Pesquisas com veneno de cascavel podem combater Hepatite C

Resultados apontados pelos cientistas são de até 97% de eficácia

Publicado em 26/02/2018 às 09:54 - Atualizado em 22/08/2023 às 16:56

Célula utilizada na análise é derivada de fígado humano (Imagem: Lucas Cardoso)

 

Veneno de cobra cascavel. Essas palavras podem até causar uma certa tensão, mas no Laboratório de Virologia, no Instituto de Ciências Biomédicas (Icbim) da Universidade Federal de Uberlândia (UFU), isso é assunto de pesquisa relacionada à saúde.

A equipe, coordenada pela professora Ana Carolina Jardim, observa os efeitos de componentes do veneno de cascavel contra o vírus da Hepatite C. O estudo está em fase inicial, mas é uma possibilidade para o desenvolvimento de um antiviral: um tratamento para pessoas diagnosticadas com a doença. Até agora, os pesquisadores descobriram que alguns elementos do veneno da cobra são até 97% eficazes no combate ao vírus da Hepatite C.

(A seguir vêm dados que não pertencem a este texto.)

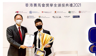
The Hong Kong Jockey Club Scholarship
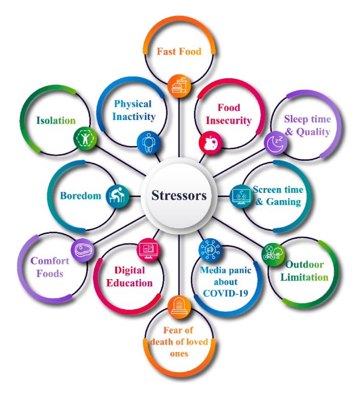
Fig. 1. Stressors affecting psychological health during COVID-19 pandemic.

In addition, increased screen exposure in children and teenagers may increase the risk of attention deficit hyperactivity disorder, anxiety, sadness, and suicidal behavior. The results of an epidemiological online cross-sectional survey conducted in the United Kingdom (UK) during the COVID-19 outbreak also indicated a connection between daily screen use and depression (Lee Smith et al., 2020). Individuals with massively increased screen time should be monitored for the extent of social isolation, sleep patterns and dietary behavior. According to the findings of a Canadian survey with over 4500 participants performed in spring 2020, reducing the amount of time spent watching television, surfing the internet, or playing video games while confinement may improve mental and overall health (Colley, Bushnik, & Langlois, 2020). Sleep might be negatively influenced by the short wavelength-enriched light emitted by technological gadgets. Sleep is a key component of the operation of the immune system. Sleep appears to be an important part of the immune system's function. Immunity and sleep are connected in a bidirectional way; although immune system activity can affect sleep, sleep has an impact on the adaptive and innate immune systems (Lange & Nakamura, 2020). These stressors predominantly affect the dietary pattern due to excessive snacking and an unhealthy selection of foods.
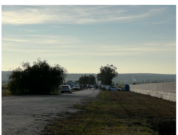
View of the road towards Fertőrákos seen from the redevelopment site
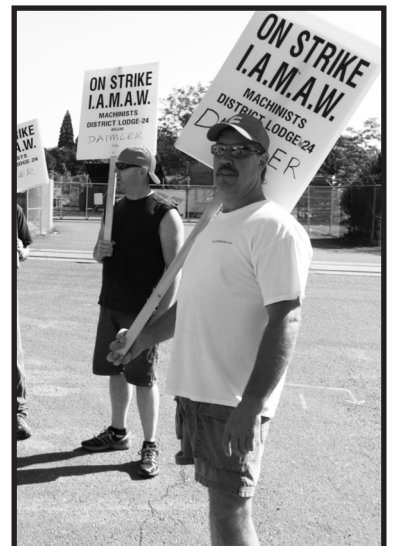
Machinists picket the Daimler Trucks plant in Portland on July 1, Day 1 of a strike that lasted 22 days.
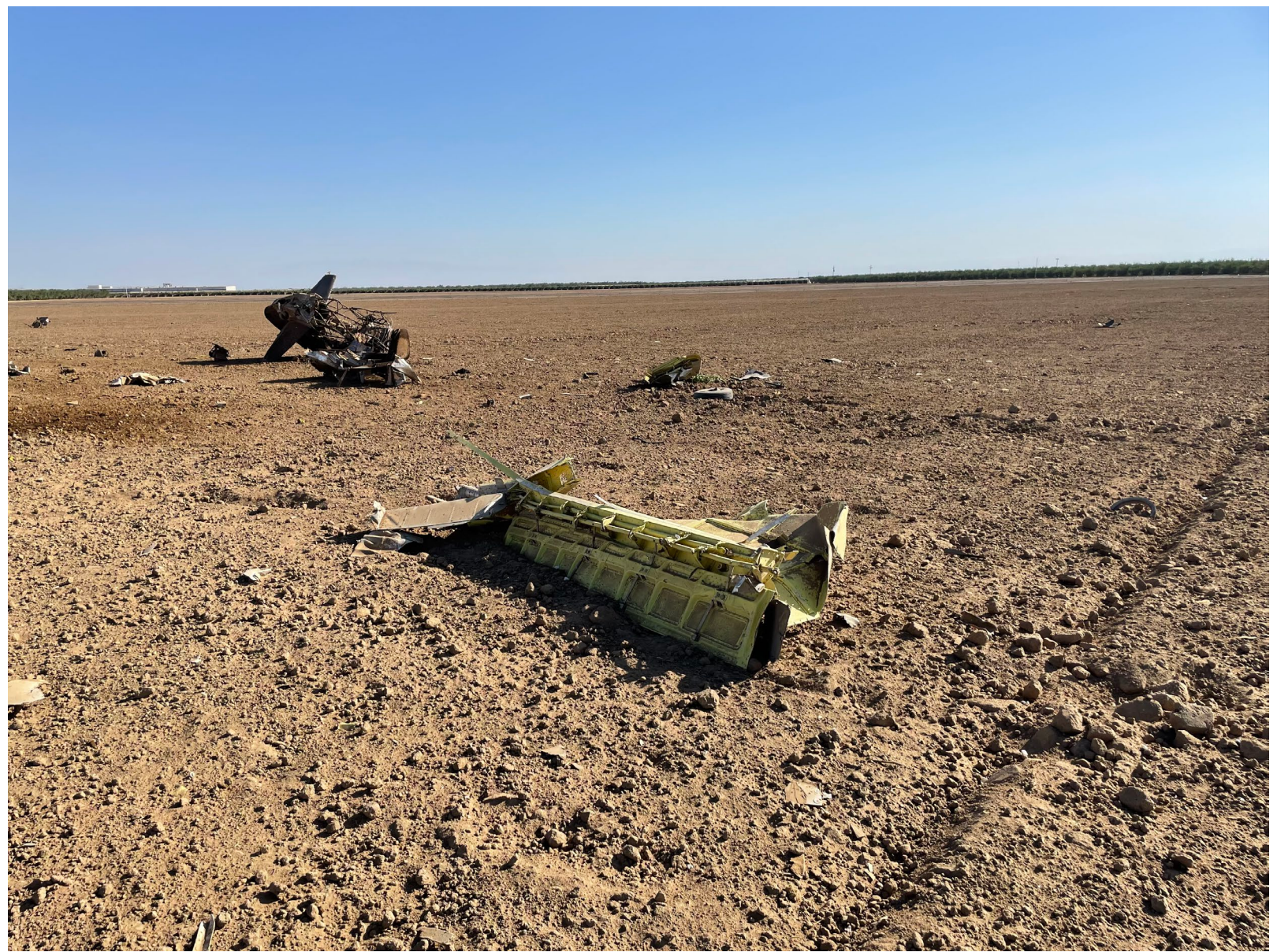
Photograph 2 - View of the accident site.
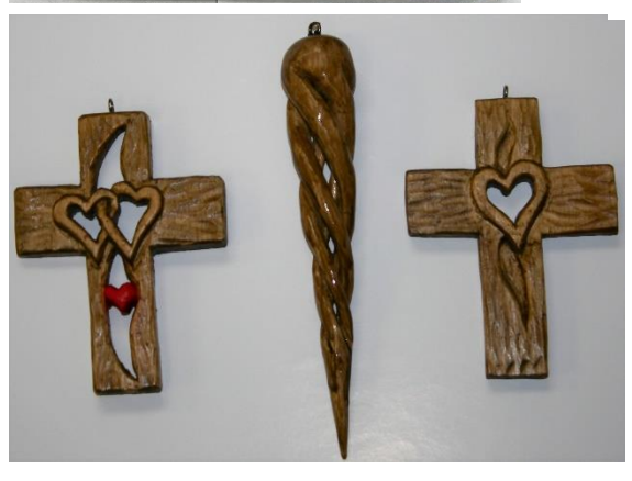
Dale Ehles' Carvings
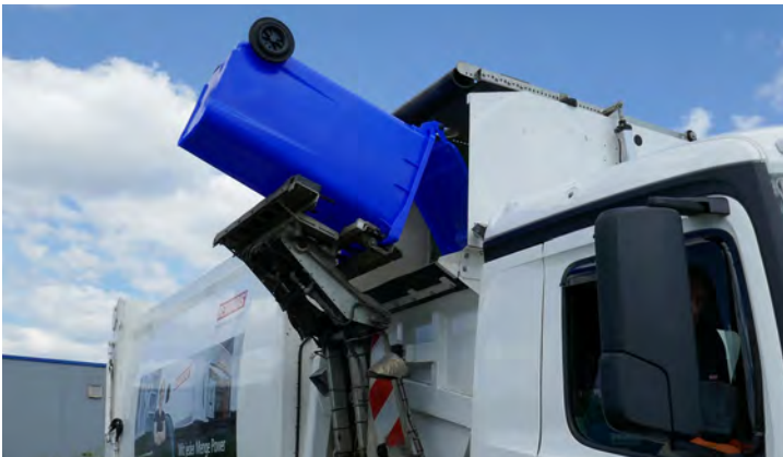
Lifting and emptying test
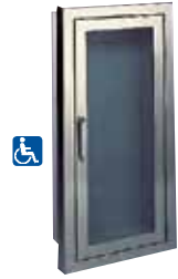
COSMOPOLITAN 1036F16 (POLISHED #7)
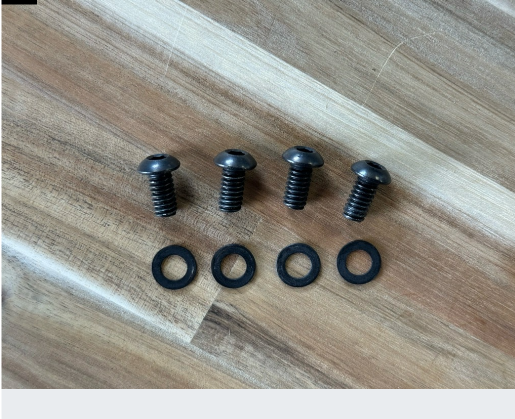
Included Hardware: (4) 1/4"-20 button head bolts, (4) 1/4" flat washers
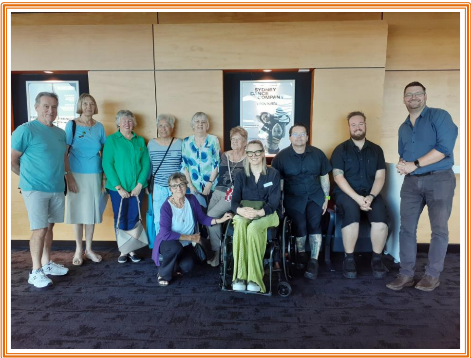
Photo – Members of the Lip Reading class and MANPAC technicians

We learned that Hearing Loop and Bluetooth are entirely different systems. Both use wireless technologies, Bluetooth is a short range signal, a Hearing Loop has no range limit but one needs to be 'In the Loop' area to be able to use it. Both the Lip Reading group and MANPAC technicians were learning from each other, and further information is needed by both to enhance the experience for theatre goers.
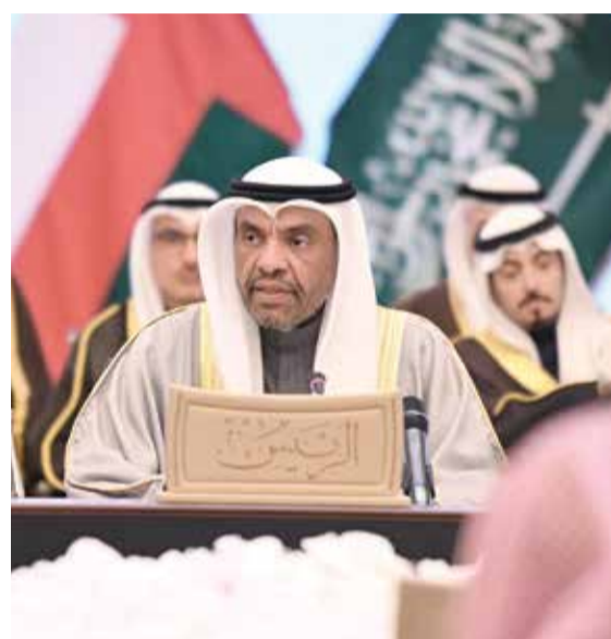
Kuwait's Minister of Foreign Affairs Abdullah Al-Yahya
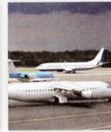
7. an airport
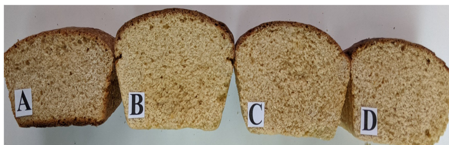
Figure 2. Crumb color and crumb grain of wholegrain wheat flour (WGF): chickpea flour (CF) breads

Key: A = WGF control (100:0), B = WGF:CF 80:20, C = WGF:CF 70:30, D = WGF:CF 60:40
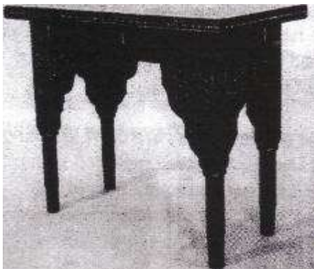
lateVictorianSideTable designed by Dr Christopher Dresser sold recently for £16,000

Late Victorian Side Table designed by Dr. Dresser sold recently for £16,000
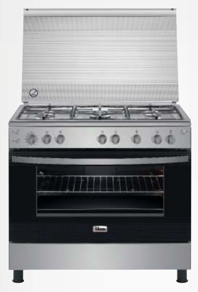
You can have peace of mind preparing your meal on a Gibson gas cooker!
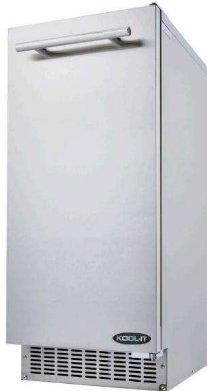
Bell/Gourmet Cube Dimension
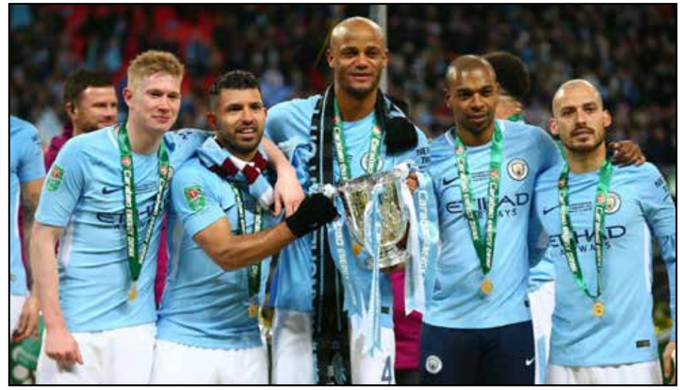
PHASE ONE: City won the Carabao Cup on Sunday with a penalty shoot-out win over Chelsea. The match finished goalless after extra time.

"It's almost impossible. We are going to try to win as many games as possible, obviously, and if you do that you must be considered the best team ever because nobody has done it. However, we are not looking at that."
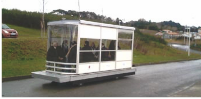
Figure 1. Robosoft vehicle for the Rome demonstration
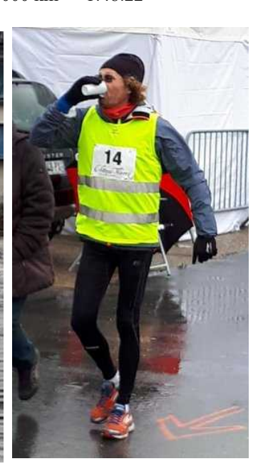
Rugged up at the start
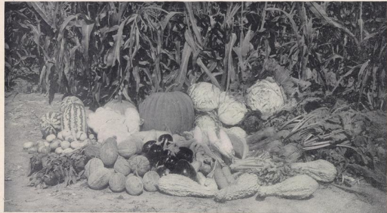
Irrigated lands are the most productive lands in America. Every farmer is his own weather man and can withhold or apply moisture to any or all crops as required, making the conditions of growth and harvesting ideal.

And the district irrigated from the Canyon Canal Co.'s system. Irrigated lands are free from trees and ready for immediate cultivation. "From sage brush to crops is only four months."
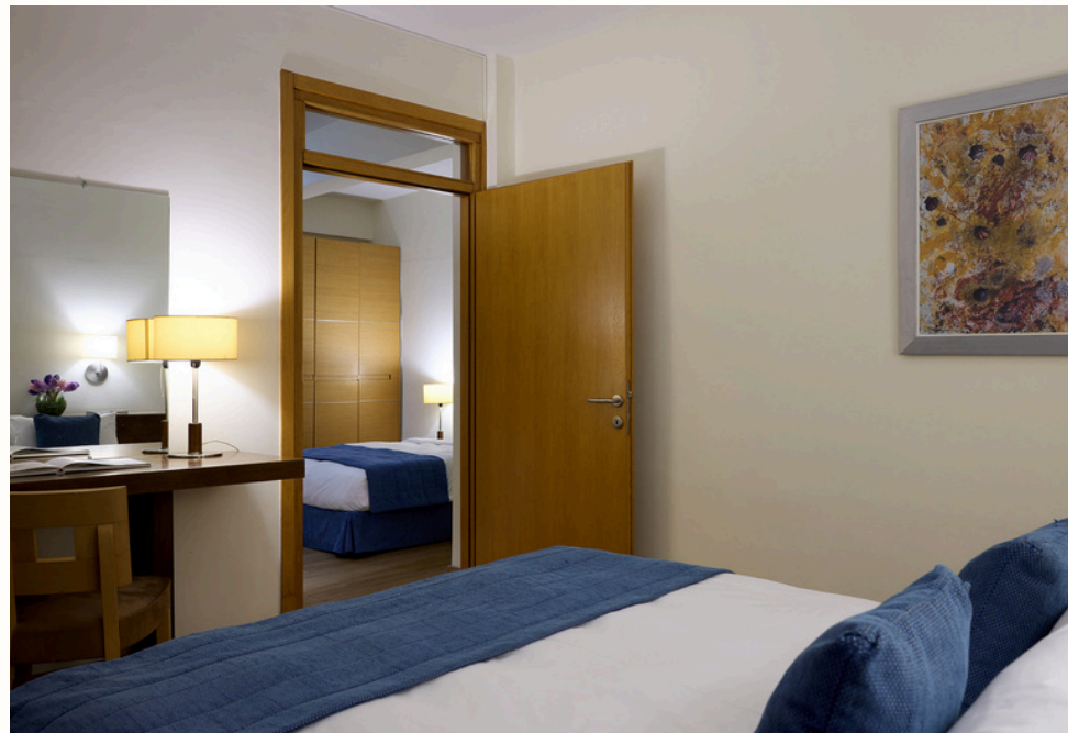
2 Family Rooms City View
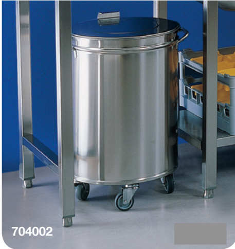
Stainless steel scrap bin c/w castors and lid

“O que a gente fez foi avaliar um conjunto de compostos isolados de veneno de serpente e são três compostos ou três fármacos. São duas proteínas individuais e essas duas proteínas juntas em complexo. Todos esses compostos foram isolados do mesmo veneno, na mesma cascavel e o que a gente avaliou foi a atividade antiviral desses três compostos contra o vírus da Hepatite C no laboratório em ensaios in vitro, com células de uma forma controlada”, explica a professora, Ana Carolina Jardim.

 

A pesquisa começou em 2013 e reúne uma equipe de cientistas da Universidade Federal de Uberlândia (UFU); Universidade de São Paulo (USP), Campus Ribeirão Preto e da Universidade Estadual Paulista (Unesp). Por conta dessa parceria, as células humanas e os compostos do veneno de cascavel da espécie Crotalus durissus terrificus,  conhecida como cascavel-de-quatro-ventas, boiçununga ou maracambóia, já chegam devidamente separados para a equipe de pesquisadores da UFU.

 

Suély da Silva é mestranda em Microbiologia na Unesp, mas vem realizando a pesquisa no Laboratório de Virologia da UFU. “Para essa pesquisa nós utilizamos uma célula, derivada de fígado humano, e nós infectamos essa célula com vírus HCV e analisamos a interação dessa célula, vírus e composto. Também acrescentamos dois controles, um positivo e um negativo para fazer o nosso comparativo, para ver se estava inibindo ou não”, relata Suély.

 

O que os pesquisadores observaram com esse procedimento foi a ação de três compostos diferentes que estão no veneno da serpente: Crotoxina, Fosfolipase e Crotapotina. A Crotoxina é um complexo com duas proteínas ligadas uma a outra, por isso, os pesquisadores resolveram separá-las, obtendo a Fosfolipase e a  Crotapotina.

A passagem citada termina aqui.